Так же как и сестра ее Кейт (которая, кстати, не занимала видного положения в жизни нашего городка), Лиллиан была блондинкой с холодным, пристальным взглядом голубых глаз.

Почти каждую пятницу вечером Лиллиан пускалась в поиски приключений и возвращалась не раньше понедельника или вторника. Было очевидно, что эти приключения весьма прибыльны, ибо семья Эджли состояла сплошь из переобремененных тружеников, и уже наверное не братья покупали то бесконечное количество новых тряпок, в которые рядилась Лиллиан.

В один из таких вечеров, в пятницу, Лиллиан появилась на главной улице Бидвелля близ вокзала; тут околачивались дюжины две мужчин и женщин, ожидавших прибытия поезда, шедшего в Нью-Йорк. Они стали разглядывать Лиллиан, и та, в свою очередь, их.

На западе, откуда должен был появиться поезд, еще виднелось зарево солнца, заходившего за полями молодого маиса. Небо горело дивным розовым пламенем, и бездельники, вперившие глаза в Лиллиан, молчали под влиянием величия и красоты вечера и вызова в глазах девушки.

Поезд подошел и разбил чары молчания. Завидев Лиллиан, кондуктор и проводник соскочили на платформу и приветливо замахали ей руками. Машинист тоже высунул голову из паровоза.

Лиллиан села отдельно у окна; как только поезд тронулся, кондуктор, проверив билеты, вернулся и сел рядом с ней. Когда поезд дошел до следующей станции и кондуктор ушел по своим обязанностям, на его место пришел проводник. Мужчины в вагоне говорили вполголоса, и только изредка раздавался взрыв хохота. Несколько женщин из Бидвелля, ездивших навестить родных в других городах, чувствовали себя весьма неловко. Они сильно краснели и смущенно смотрели в окно.

На вокзале в Бидвелле, где мрак понемногу окутывал землю, мужчины и мальчишки все еще оставались на месте и говорили о Лиллиан и о ее похождениях.

– Она может ездить куда ей угодно и никогда ни одного цента не платит, – сказал высокий бородач, стоявший прислонившись к двери. Это был скупщик свиней и живности, и ему приходилось еженедельно ездить в Кливленд; его сердце наполнялось злобой и завистью при мысли, что Лиллиан, жрица любви, разъезжает бесплатно по железным дорогам.

Вся семья Эджли пользовалась скверной репутацией в Бидвелле, но, за исключением Мэй, самой младшей, они все умели за себя постоять.

Старший, Джек, в течение многих лет работал буфетчиком в салуне Чарли Шотера, в нижней части Главной улицы; в один прекрасный день он, к общему удивлению, откупил салун.

– Или Лиллиан дала ему денег на это, или он обобрал Чарли Шотера, – говорили все мужчины в один голос.
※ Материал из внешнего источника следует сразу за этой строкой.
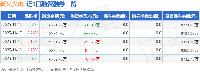 新光光电融资融券信息显示,融资方面,当日融资买入720.48万元,融资偿还733.58万元,融资净偿还13.1万元。融券方面,融券卖出0.0股,融券偿还0.0股,融券余量0.0股,融券余额0.0万元。融资融券余额8771.83万元。

Несмотря на это, они пренебрегали принципами морали и ходили к Джеку напиваться. Хотя пороки в Бидвелле строго осуждались, тем не менее молодежь втайне считала порок признаком мужественности.
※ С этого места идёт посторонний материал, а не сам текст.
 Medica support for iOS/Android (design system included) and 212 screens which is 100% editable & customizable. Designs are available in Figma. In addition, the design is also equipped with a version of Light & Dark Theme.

Фрэнк и Уилл Эджли были, подобно отцу, ломовыми извозчиками и все тяжело работали. У них были свои запряжки; они были не из тех, кто чужой милости просить станет; не будучи заняты работой, они тоже не искали общества других мужчин.
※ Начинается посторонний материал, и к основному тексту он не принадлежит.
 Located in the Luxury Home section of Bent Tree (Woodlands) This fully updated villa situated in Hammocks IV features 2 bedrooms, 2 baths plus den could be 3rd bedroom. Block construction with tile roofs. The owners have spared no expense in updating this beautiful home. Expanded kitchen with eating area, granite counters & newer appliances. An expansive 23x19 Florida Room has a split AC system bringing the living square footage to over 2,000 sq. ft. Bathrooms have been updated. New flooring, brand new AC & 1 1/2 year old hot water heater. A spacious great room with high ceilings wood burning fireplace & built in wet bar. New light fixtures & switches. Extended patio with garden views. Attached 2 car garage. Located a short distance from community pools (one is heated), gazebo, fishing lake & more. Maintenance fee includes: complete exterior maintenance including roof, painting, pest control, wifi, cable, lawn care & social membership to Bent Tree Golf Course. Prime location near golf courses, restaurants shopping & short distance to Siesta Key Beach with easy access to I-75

В субботу, покончив с работой за неделю, они чистили лошадей, задавали им корм и убирали стойло; потом надевали черные костюмы, белые воротнички, черные галстучки и отправлялись пьянствовать на нашу Главную улицу. К десяти часам им это удавалось с успехом, и, пошатываясь, они возвращались домой.

Встречая во мраке под тополями на Плющевой или Ореховой улицах бидвелльских сограждан, возвращавшихся домой, они затевали скандалы.

– Пошел с дороги, будь ты проклят! Прочь с тротуара! – ревел Фрэнк Эджли, и оба брата бросались вперед, предвкушая драку.

Но однажды, в июньский вечер, когда светила луна, а в высокой траве между тротуаром и мостовой стрекотали кузнечики, братья Эджли встретили Эда Пеша, молодого немца-фермера, вышедшего погулять с Каролиной Дюпи, дочерью бидвелльского торговца галантереей; произошла драка, которой братья Эджли так долго искали.

Фрэнк Эджли рявкнул свое излюбленное «прочь с тротуара!», и оба брата ринулись вперед, но Эд Пеш не отступил и не позволил им пройти торжествуя.

Он вступил в драку, и оба брата были жестоко избиты; когда они в понедельник утром показались со своими тележками, их лица были обезображены, а под глазами красовались фонари.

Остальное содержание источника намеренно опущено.